Reclining female figure
Manner of Guglielmo della Porta Italian
Not on view
While thoroughly, recognizably Mannerist, the figure retains a contradictory “archaeological” patina, an artificial chloride corrosion that was applied at a later date. Richard Stone’s examination of the interior revealed an unusual method: extremely thin walls in the body and head, and core pin holes plugged with pointed lengths of wire. The arms are solid “and when apparently still in the wax were inserted into the short cap sleeves like stoppers in a bottle.”[1] Presciently, Stone likened the procedure to that of sculptors working in silver.

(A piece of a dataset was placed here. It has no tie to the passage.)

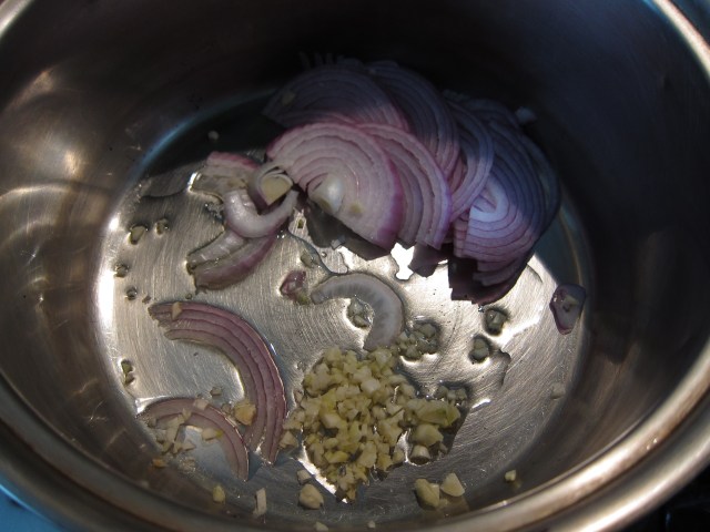 Just sauté a few cloves of garlic and half a red onion in some olive oil.

The statuette was formerly ascribed to an artist from the circle of the Rome-based Guglielmo della Porta and identified as Omphale, the ancient Lydian queen who owned Hercules as a slave. She usually appears brawnier than here, where her dainty hand hardly looks powerful enough to grasp the hero’s club, which she exchanged for her distaff. In fact, the model originated with a silversmith north of the Alps, probably from Augsburg. The same woman, clad in an elegant, clinging shift, occurs on top of an ebony and silver shrine from the Gonzaga collections, now in the Kunsthistorisches Museum.[2] Two other bronzes, of more rudimentary facture, are in the V&A, one occurring alongside an inkwell (that figure’s right arm is encircled by a snake and so is sometimes identified as Cleopatra).[3] Another, in the Alexander Fleischner collection, was attributed to Guglielmo della Porta when sold in 1929,[4] whence probably the attribution of our example. In all of these, the object once in the woman’s left hand is missing, making her status difficult if not impossible to establish.
-JDD
Footnotes
(For key to shortened references see bibliography in Allen, Italian Renaissance and Baroque Bronzes in The Metropolitan Museum of Art. NY: The Metropolitan Museum of Art, 2022.)
1. R. Stone/TR, November 12, 2010.
2. Venturelli 2005, pp. 190–91.
3. V&A, A.38-1939, called French. The same museum calls another example, A.90.1956, Venetian with a question mark. The first is unpublished; for the second, see Weihrauch 1967, p. 386, fig. 467.
4. Dorotheum, Vienna, May 13–15, 1929, lot 33.